Use multiple DNS providers. When using multiple DNS providers, you can:
- Improve the availability and resiliency of your applications and services.
Simplify the deployment or migration of hybrid applications that have dependencies across on-premises and cloud environments with a multi-provider DNS configuration.
Google Cloud offers an open source solution based on octoDNS to help you set up and operate an environment with multiple DNS providers. For more information, see Multi-provider public DNS using Cloud DNS.
Use load balancers when using standby systems to create an automatic failover. Keep in mind that load balancer hardware can fail.
Use Cloud Load Balancing instead of hardware load balancers to power some scenarios that occur when using this architecture pattern. Internal client requests or external client requests can be redirected to the primary environment or the DR environment based on different metrics, such as weight-based traffic splitting. For more information, see Traffic management overview for global external Application Load Balancer.
Consider using Cloud Interconnect or Cross-Cloud Interconnect if the outbound data transfer volume from Google Cloud toward the other environment is high. Cloud Interconnect can help to optimize the connectivity performance and might reduce outbound data transfer charges for traffic that meets certain conditions. For more information, see Cloud Interconnect pricing.

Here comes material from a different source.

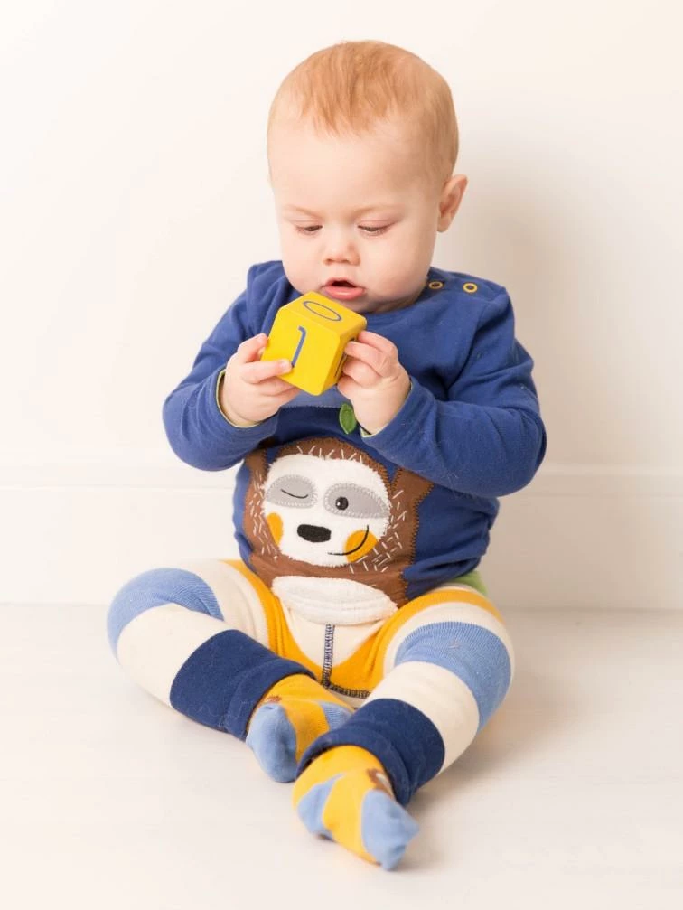 Made for those slower, hanging around the house days, it’s Silas the Sloth. Chunky multicoloured stripes and a fluffy Silas on the bottom. Compositon : 75% Cotton/ 20% Nylon/ 5% Elastic Blade & Rose is a leading British children’s clothing brand specialising in a trendsetting range of leggings and clothing accessories. Blade & Rose was created in 2010 whilst designer Amanda was on maternity leave. Which ultimately led the company to be named after her childrens middle name ‘Blade’ and ‘Rose’. Each piece of the collection is unique and has the trademark design on the bum. A major component of the development was to ensure that the quality of the fabric was durable, functional, would wash well and most importantly, that was soft and kind to children’s delicate skin. The initial range quickly sold out and now the British family business has stockists all over the world including Germany, Switzerland, France, Spain, Belgium, Italy, Netherlands, Greece, Japan, China, Taiwan, UAE, New Zealand and Australia & is now extensively rolling out in the USA. Blade & Rose will continue to extend the clothing range with matching accessories and new designs.

Consider using your preferred partner solution on Google Cloud Marketplace to help facilitate the data backups, replications, and other tasks that meet your requirements, including your RPO and RTO targets.
Test and evaluate DR invocation scenarios to understand how readily the application can recover from a disaster event when compared to the target RTO value.
Encrypt communications in transit. To protect sensitive information, we recommend encrypting all communications in transit. If encryption is required at the connectivity layer, various options are available based on the selected hybrid connectivity solution. These options include VPN tunnels, HA VPN over Cloud Interconnect, and MACsec for Cloud Interconnect.